[Collected data entries]
***

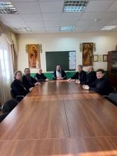После трапезы в здании воскресной школы прихода состоялась рабочая встреча игумена Сергия со священнослужителями Чеховского церковного округа.
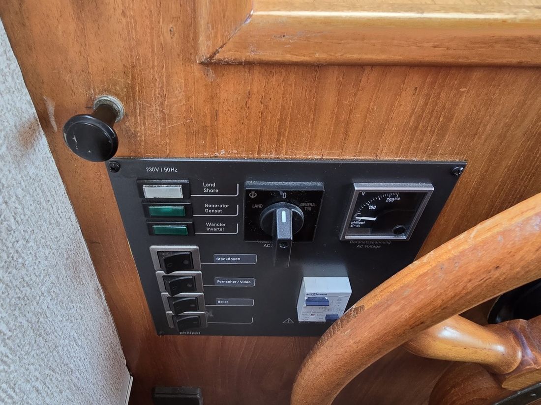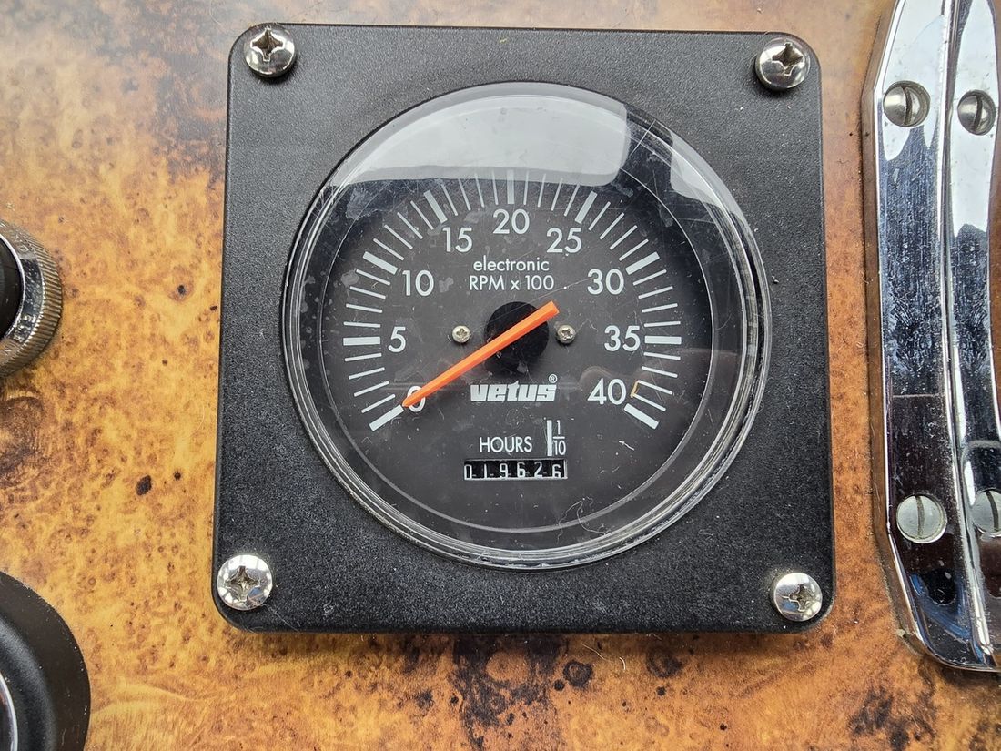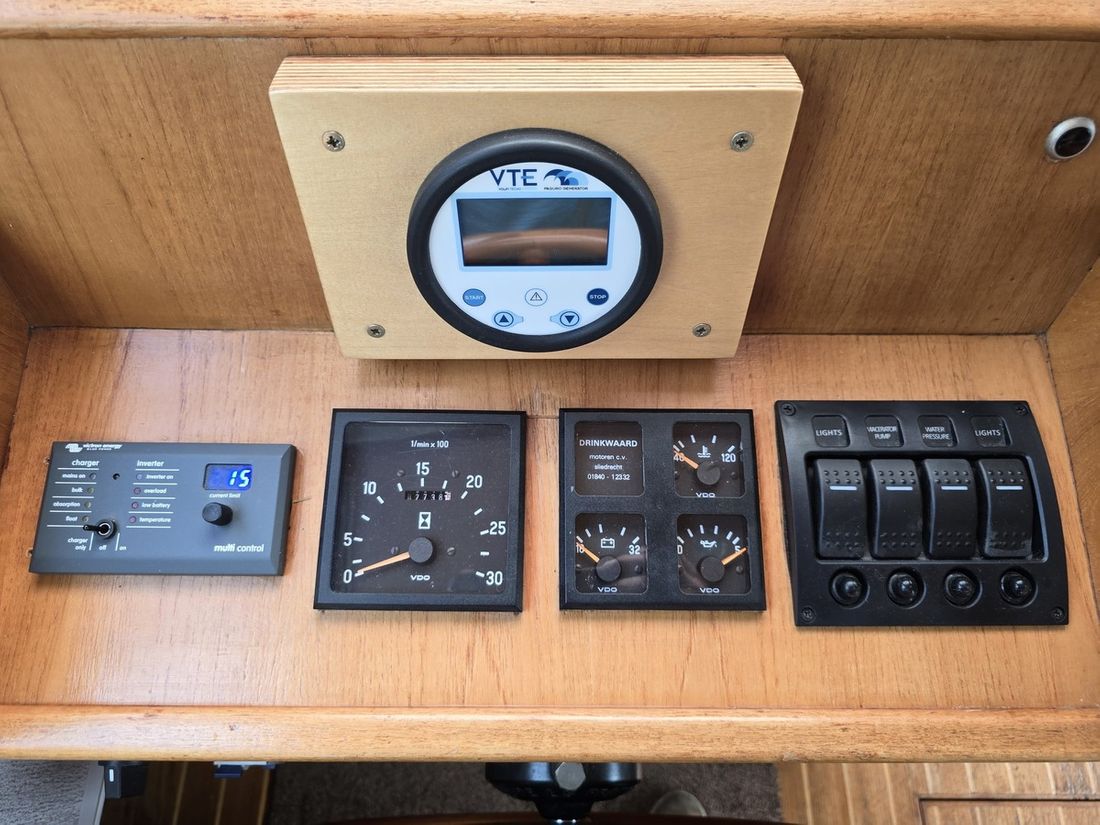 Motorisatie Aantal identieke motoren 1 Start type elektrisch Hoofdmotor Type binnenboord Merk DAF Model 575 Vermogen 105 pk Urenteller Draaiuren 2738 Brandstof diesel Verbruik 4.5 liter/uur Opmerkingen Verbruik @ 1300rpm Aandrijving Overbrenging schroefas Voortstuwing schroef Koeling indirect Tank Brandstoftank aantal Aantal 1 Totale inhoud brandstoftank(s) 600 liter Materiaal brandstoftank staal Meetinstrumenten motor Brandstoftankmeter Toerenteller Oliedrukmeter Temperatuurmeter Boeg- en hekschroef Boegschroef elektrisch Opmerkingen Boegschroef 24V Elektriciteit Accu Opmerkingen Accu 4x service@180Ah (2022), 2x start@160Ah(2022), 1x generator 60Ah(2020) Aantal 7 Acculader Opmerkingen Acculader Victron Multiplus Generator Merk generator Allpa VTE-4 SY Omvormer Opmerkingen Omvormer Victron Multiplus Walstroom Walstroomkabel Verbruiksmonitor 12V 24V 220V Bedieningspaneel Ja -
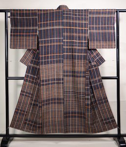 豊かで落ち着きのある絶妙な色彩感覚、基本である格子柄を中心として、しかも個性あふれる絵羽に仕上げている現代感覚。
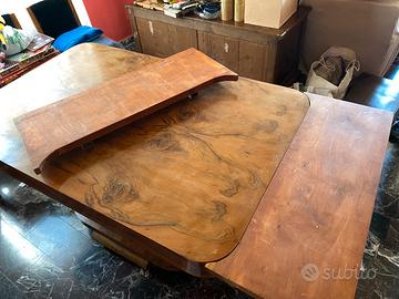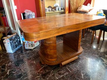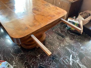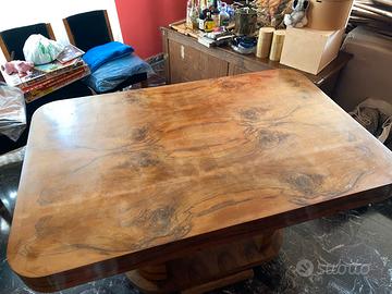 Tavolo rettangolare da pranzo Art Déco allungabile (NO sedie) Radica di noce, un classico del modernariato italiano dell'epoca, con il basamento centrale a pedana CONTATTAMI X IL PREZZO
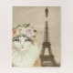 Vintage sepia tint background photo of the Eiffel Tower with overlay of beautiful watercolor fancy cat with floral crown
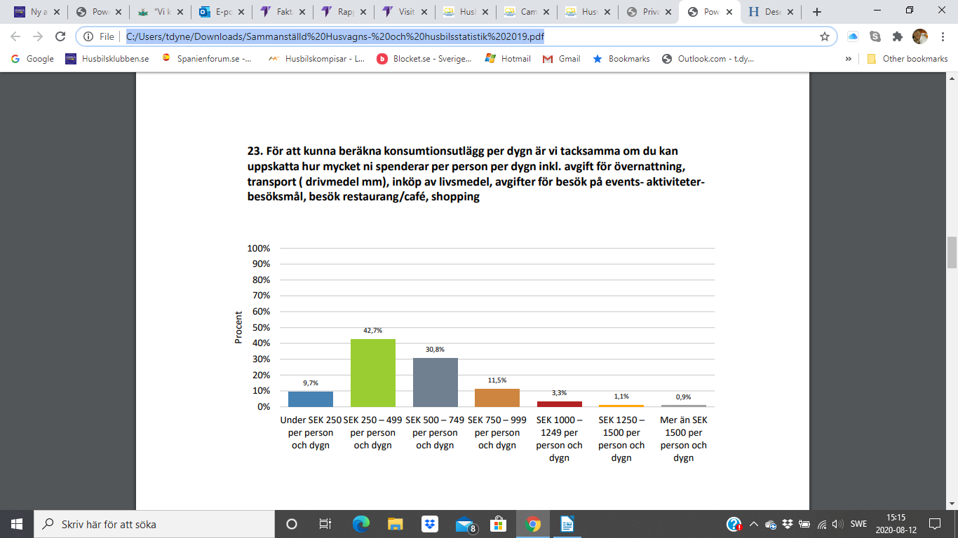 Har ingen färsk undersökning som gäller specifikt husbilsresenären från Tillväxtverket, däremot gjorde Turistrådet i Västsverige en undersökning 2019 som gav följande resultat;
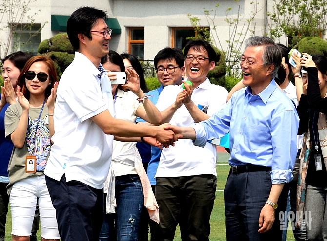 14일, 서울 여의도 국회운동장서 열린 '새정치민주연합 보좌진 한마음체육대회' 도중 문재인 대표가 신발던지기 게임 직후 정확히 신발을 과녁에 넣자 이를 지켜보던 보좌진들이 환호하고 있다.
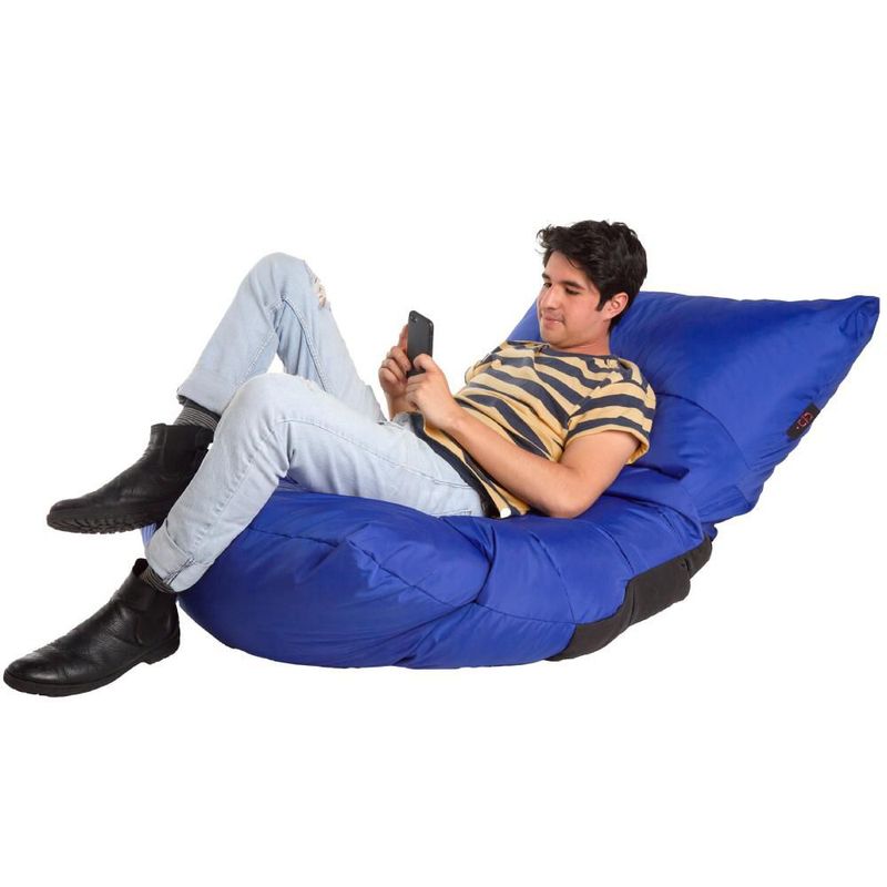 Puff para Interior y Exterior. Funda de Tela Poliéster Azul Rey Impermeable y Relleno de Microperlas de Poliestireno
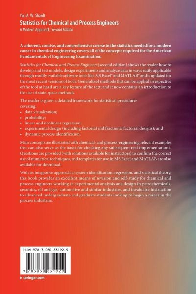 Statistics for Chemical and Process Engineers (second edition) shows the reader how to develop and test models, design experiments and analyze data in ways easily applicable through readily available software tools like MS Excel® and MATLAB® and is updated for the most recent versions of both. Generalized methods that can be applied irrespective of the tool at hand are a key feature of the text, and it now contains an introduction to the use of state-space methods.
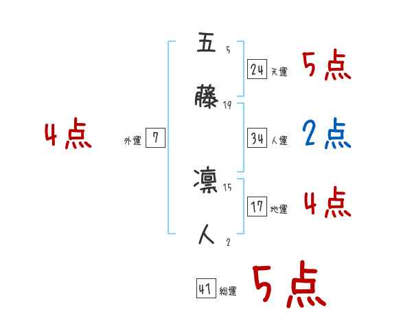 天運![]() | 五藤凛人さんの天運は24画の5つ星!家庭運が良く順調な人生。金運にも恵まれる。 家系が持つ宿命的な運勢を表します。祖先から受け継いだ苗字ですので自分の力が及びません。家柄を象徴します。 |
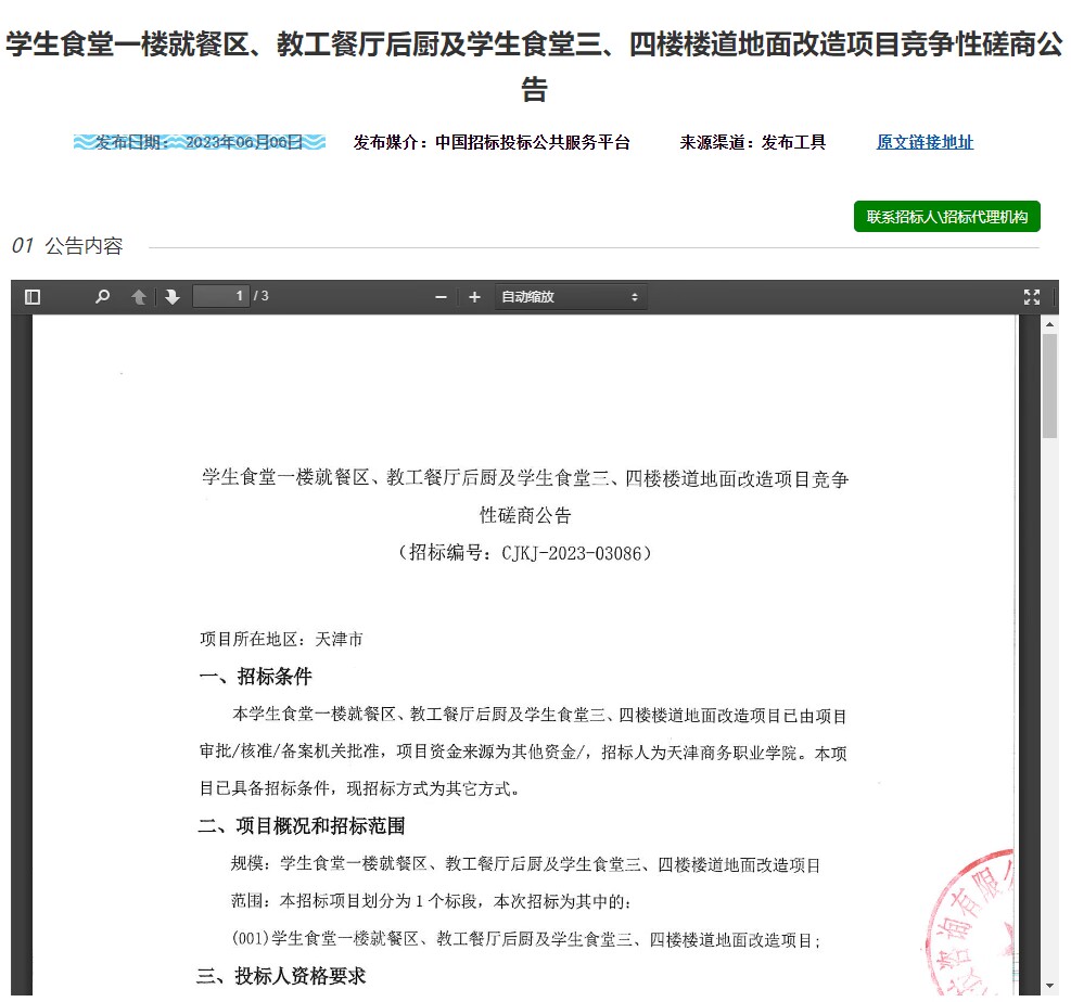 学生食堂一楼就餐区、教工餐厅后厨及学生食堂三、四楼楼道地面改造项目竞争性磋商公告
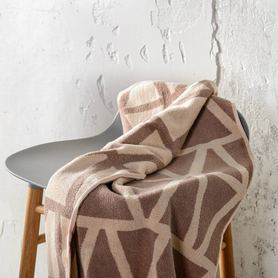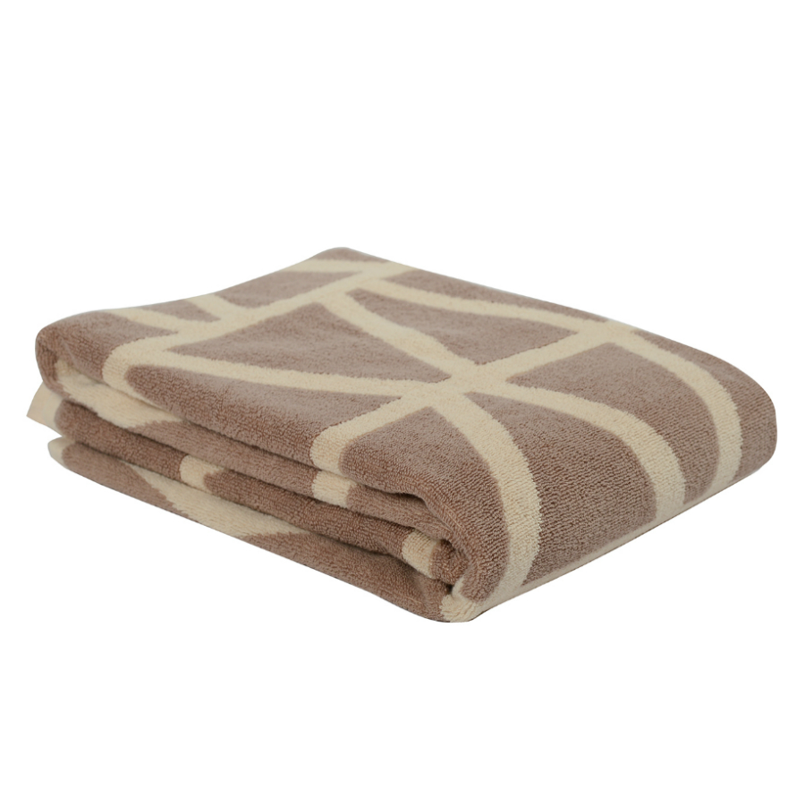 Полотенце жаккардовое банное с авторским дизайном Geometry, коричнево-бежевое Wild, 70х140 см
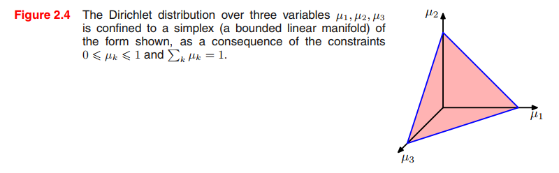 summation constraint 때문에 {μ_(k)} space에서의 distribution은 K-1 차원을 갖는 simplex이다.

***

### [Activity]
Keep the pictures out of your answer, which should be the lines from the one with "Vintage sepia tint" through the final line of the data, copied exactly.

### [Task answer]
 Vintage sepia tint background photo of the Eiffel Tower with overlay of beautiful watercolor fancy cat with floral crown
 Har ingen färsk undersökning som gäller specifikt husbilsresenären från Tillväxtverket, däremot gjorde Turistrådet i Västsverige en undersökning 2019 som gav följande resultat;
 14일, 서울 여의도 국회운동장서 열린 '새정치민주연합 보좌진 한마음체육대회' 도중 문재인 대표가 신발던지기 게임 직후 정확히 신발을 과녁에 넣자 이를 지켜보던 보좌진들이 환호하고 있다.
 Puff para Interior y Exterior. Funda de Tela Poliéster Azul Rey Impermeable y Relleno de Microperlas de Poliestireno
 Statistics for Chemical and Process Engineers (second edition) shows the reader how to develop and test models, design experiments and analyze data in ways easily applicable through readily available software tools like MS Excel® and MATLAB® and is updated for the most recent versions of both. Generalized methods that can be applied irrespective of the tool at hand are a key feature of the text, and it now contains an introduction to the use of state-space methods.
 天運![]() | 五藤凛人さんの天運は24画の5つ星!家庭運が良く順調な人生。金運にも恵まれる。 家系が持つ宿命的な運勢を表します。祖先から受け継いだ苗字ですので自分の力が及びません。家柄を象徴します。 |
 学生食堂一楼就餐区、教工餐厅后厨及学生食堂三、四楼楼道地面改造项目竞争性磋商公告
 Полотенце жаккардовое банное с авторским дизайном Geometry, коричнево-бежевое Wild, 70х140 см
 summation constraint 때문에 {μ_(k)} space에서의 distribution은 K-1 차원을 갖는 simplex이다.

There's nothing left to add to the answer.